-------- Supplied material
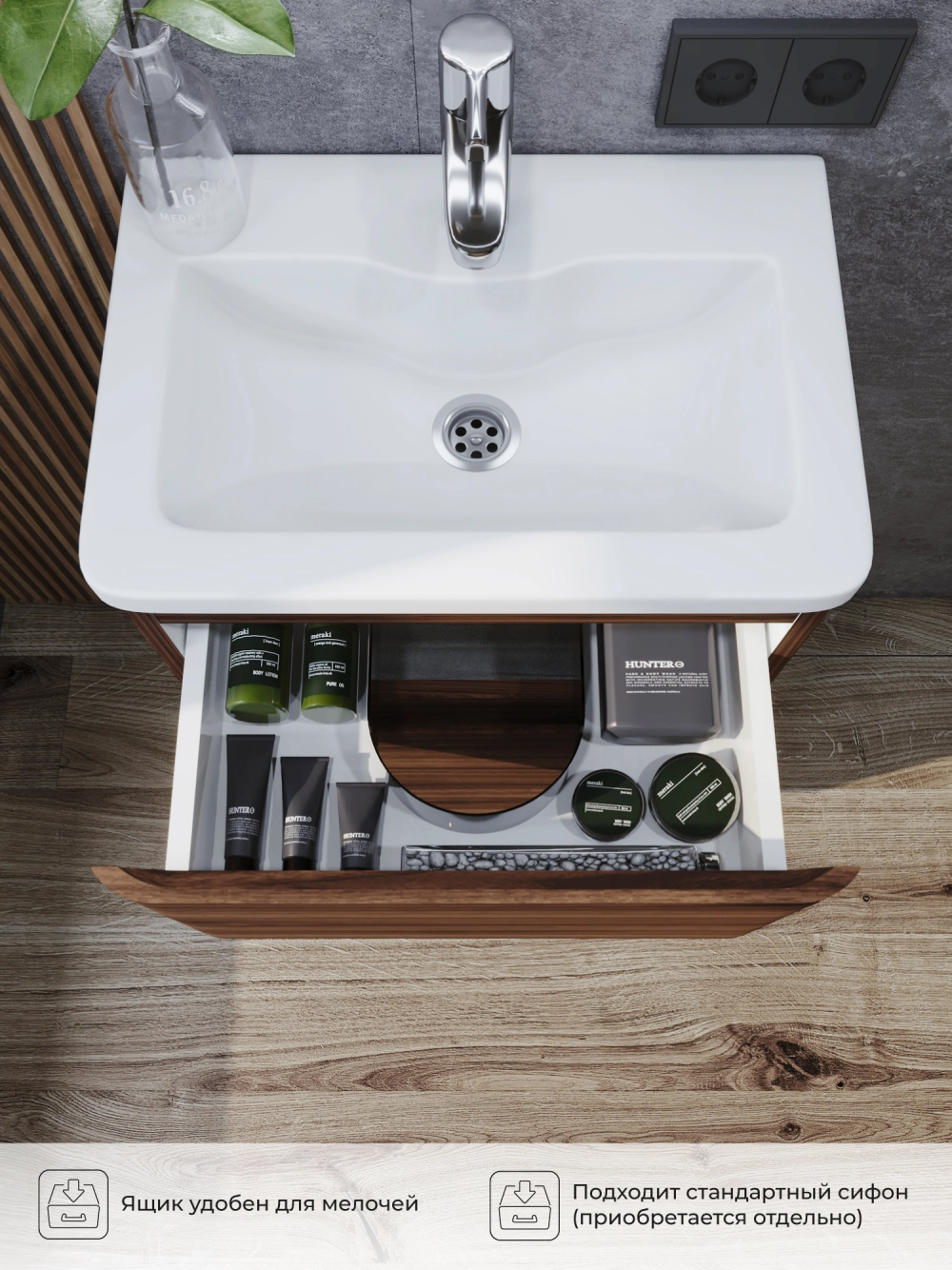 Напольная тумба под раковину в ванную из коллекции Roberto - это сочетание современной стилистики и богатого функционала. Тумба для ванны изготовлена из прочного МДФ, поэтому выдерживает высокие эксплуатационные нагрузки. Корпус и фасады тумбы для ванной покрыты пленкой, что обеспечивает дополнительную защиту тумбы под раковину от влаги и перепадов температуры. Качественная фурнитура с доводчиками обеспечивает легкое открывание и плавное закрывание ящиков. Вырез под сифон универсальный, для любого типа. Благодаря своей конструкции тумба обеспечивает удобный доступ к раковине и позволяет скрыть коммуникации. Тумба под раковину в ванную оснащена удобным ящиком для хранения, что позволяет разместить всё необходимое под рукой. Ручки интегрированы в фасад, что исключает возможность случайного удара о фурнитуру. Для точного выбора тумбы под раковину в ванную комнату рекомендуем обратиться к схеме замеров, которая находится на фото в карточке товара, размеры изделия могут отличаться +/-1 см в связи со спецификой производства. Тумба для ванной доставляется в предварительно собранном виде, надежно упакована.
----------------
-------- Supplied material
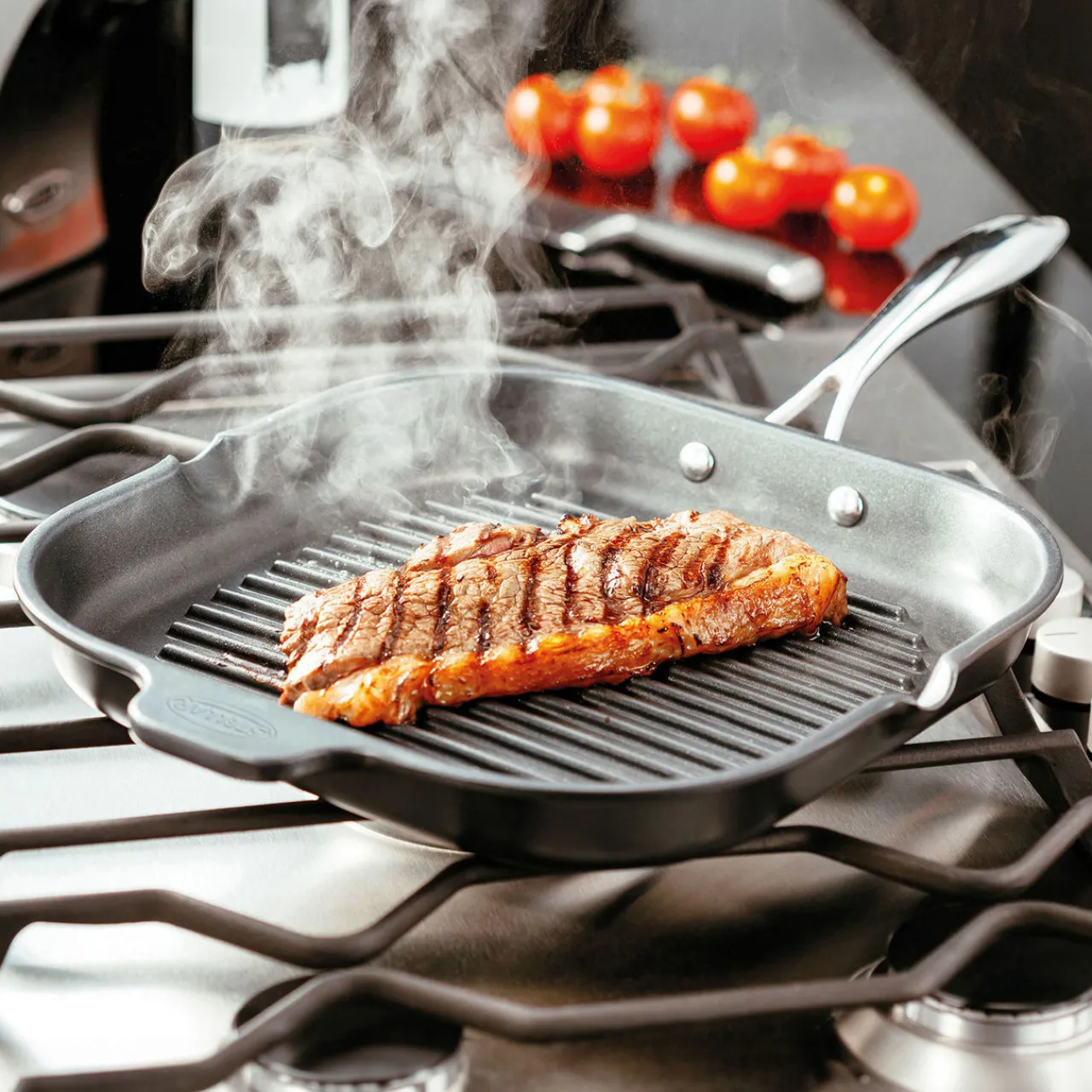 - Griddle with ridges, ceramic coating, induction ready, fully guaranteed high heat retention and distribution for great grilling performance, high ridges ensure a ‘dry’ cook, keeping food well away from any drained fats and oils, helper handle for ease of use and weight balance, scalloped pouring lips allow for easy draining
----------------
-------- Supplied material
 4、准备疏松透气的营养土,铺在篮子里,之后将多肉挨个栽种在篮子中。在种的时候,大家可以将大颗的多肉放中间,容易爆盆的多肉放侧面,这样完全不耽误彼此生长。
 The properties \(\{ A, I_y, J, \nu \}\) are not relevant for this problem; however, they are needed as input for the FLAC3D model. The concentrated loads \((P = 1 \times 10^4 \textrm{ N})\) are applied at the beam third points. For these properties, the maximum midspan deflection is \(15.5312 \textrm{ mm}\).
----------------
◆ Work required: Of all the entries above, output exactly the lines between the one holding "4、准备疏松透气的营养土,铺" and the one holding "I_y, J, \nu", inclusive.

◆ Written reply:
 4、准备疏松透气的营养土,铺在篮子里,之后将多肉挨个栽种在篮子中。在种的时候,大家可以将大颗的多肉放中间,容易爆盆的多肉放侧面,这样完全不耽误彼此生长。
 The properties \(\{ A, I_y, J, \nu \}\) are not relevant for this problem; however, they are needed as input for the FLAC3D model. The concentrated loads \((P = 1 \times 10^4 \textrm{ N})\) are applied at the beam third points. For these properties, the maximum midspan deflection is \(15.5312 \textrm{ mm}\).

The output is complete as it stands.